(Data provided)

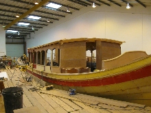 While the wooden structure of the boat was being built at Brentford, some amazing pieces of ornamental sculpture were being created by the hugely-talented David Crosswell of Polygon Scenery in his workshop. Made in modern materials, they look absolutely fabulous when gilded but the weight of the long pieces at the cockpit did cause some concern to the design team, requiring the batteries to be installed further forward so that level trim would be maintained.
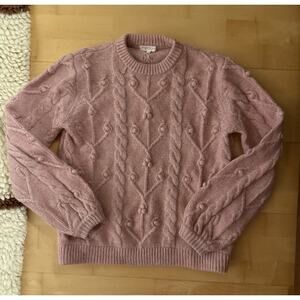 Demylee Cable Sweater Chunky Cable knit Fisherman Crew Neck Wool Mohair Pink S
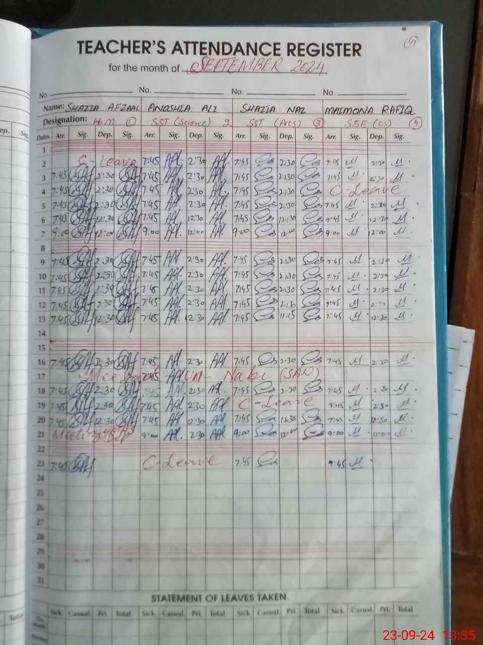 | Leave | Duty | Absent | Maternity | Medical | Ex- Pak |

(End Data provided)

Aim of the exercise: Pictures stay out of the copy; print the material above exactly.

Written solution:
 While the wooden structure of the boat was being built at Brentford, some amazing pieces of ornamental sculpture were being created by the hugely-talented David Crosswell of Polygon Scenery in his workshop. Made in modern materials, they look absolutely fabulous when gilded but the weight of the long pieces at the cockpit did cause some concern to the design team, requiring the batteries to be installed further forward so that level trim would be maintained.
 Demylee Cable Sweater Chunky Cable knit Fisherman Crew Neck Wool Mohair Pink S
 | Leave | Duty | Absent | Maternity | Medical | Ex- Pak |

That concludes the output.